Figure 2 Markup and firm size (sales)

Note: Binned scatter plots of median markups (in logs) against median sales (in logs) within two-digit industries, controlling for year and industry fixed effects.
Source: CompNet data 1999-2018.

On the other hand, they appear to possess particular high levels of labour market power (see Figure 3), suggesting that lower labour shares of larger firms depend substantially on imperfections in the labour markets, where they exert more monopsony power and/or face less worker power.

Figure 3 Markdown and firm size (sales)

Figure 3 Markdown and firm size (sales)

Note: Binned scatter plots of median markdowns (in logs) against median sales (in logs) within two-digit industries, controlling for year and industry fixed effects.
Source: CompNet data 1999-2018.

Conclusions and policy implications

There are two key take-aways from our findings. First, when measuring firm market power, we need to carefully differentiate the sources of such power. Second, larger firms appear to deploy high levels of labour market power while their revealed product market power is comparably low with respect to smaller ones.

The policy implications of the results are critical for competition authorities. When distortions originate in the product market, policies should steer on safeguarding new entries and price setting; when instead, distortions originate in the labour market, policies should aim at reducing the monopsony power of firms rebalancing the relative bargaining power of firms with respect to the workers. The CompNet dataset allows us to disentangle the relative importance of the two components rather precisely across firm size and countries (and, not shown, in sectors). They should be more systematically used when devising policies.

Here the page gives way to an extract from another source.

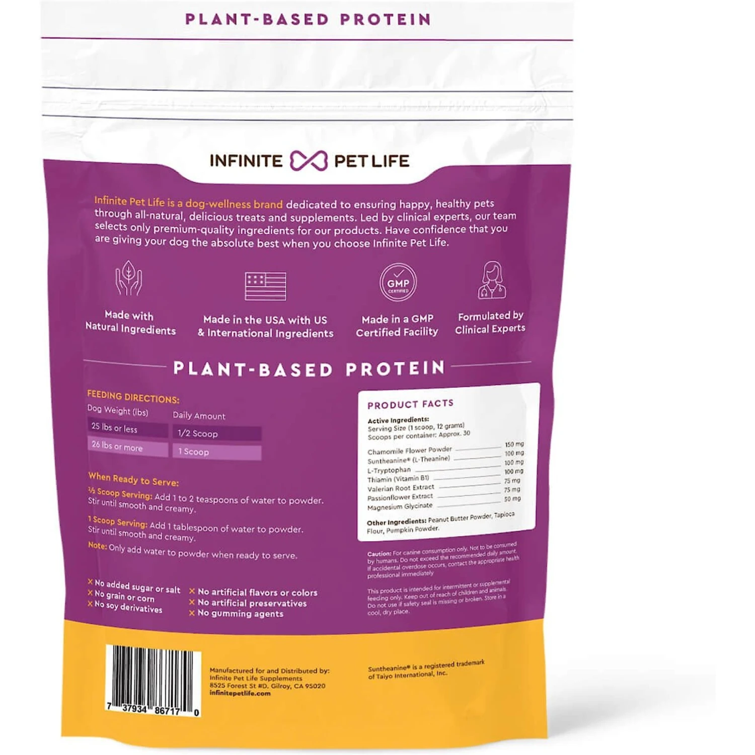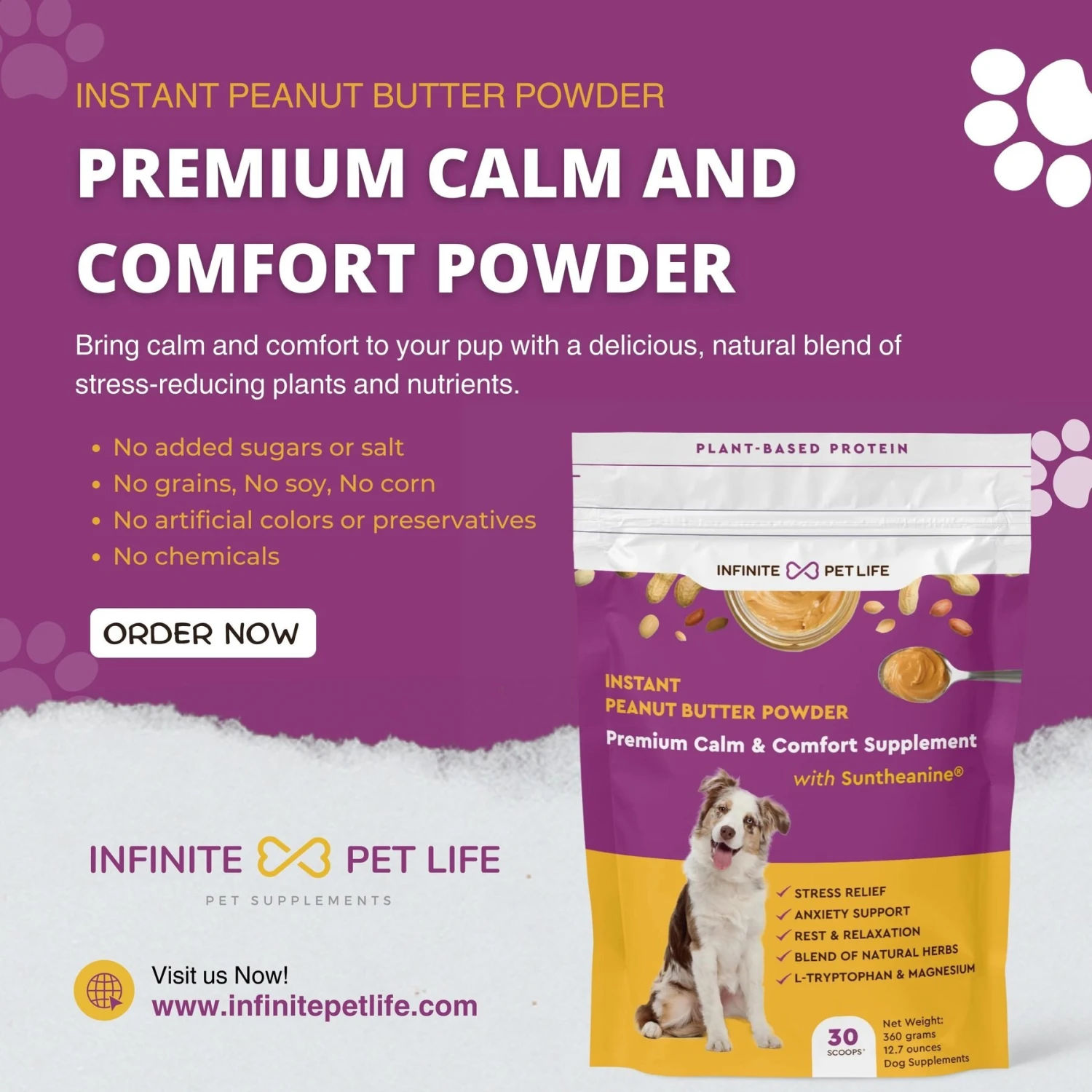Infinite Pet Life Premium Calm & Comfort Powder Supplement For Dogs, 30 Servings

Autor, D, D Dorn, L F Katz, C Patterson and J Van Reenen (2020), “The fall of the labour share and the rise of superstar firms”, The Quarterly Journal of Economics 135(2): 645-709.

Bighelli, T, F di Mauro, M J Melitz and M Mertens (2022), “European firm concentration and aggregate productivity”, Journal of the European Economic Association (forthcoming).

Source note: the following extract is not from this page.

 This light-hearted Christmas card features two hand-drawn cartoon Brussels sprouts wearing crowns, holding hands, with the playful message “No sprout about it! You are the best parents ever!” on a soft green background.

Bond, S, A Hashemi, G Kaplan and P Zoch (2021), “Some unpleasant markup arithmetic: Production function elasticities and their estimation from production data”, Journal of Monetary Economics 121: 1-14.

De Loecker, J, J Eeckhout and G Unger (2020). The rise of market power and the macroeconomic implications”, The Quarterly Journal of Economics 135(2): 561-644.

Hall, R E (1986), “Market structure and macroeconomic fluctuations”, Brookings Papers on Economic Activity 1986(2): 285-338.

Philippon, T (2019), The Great Reversal, Harvard University Press.

Mertens, M (2022), “Labour Market Power, Superstar Firms, and Between-Firm Wage (In) Equality”, Mimeo.

Mertens, M and B Mottironi (2023), “Do Larger Firms Have Higher Markups?”, IWH-CompNet Discussion Paper.

Yeh, C, C Macaluso and C Hershbein (2022), “Monopsony in the U.S. labour market”, American Economic Review 112(7): 2099-2138.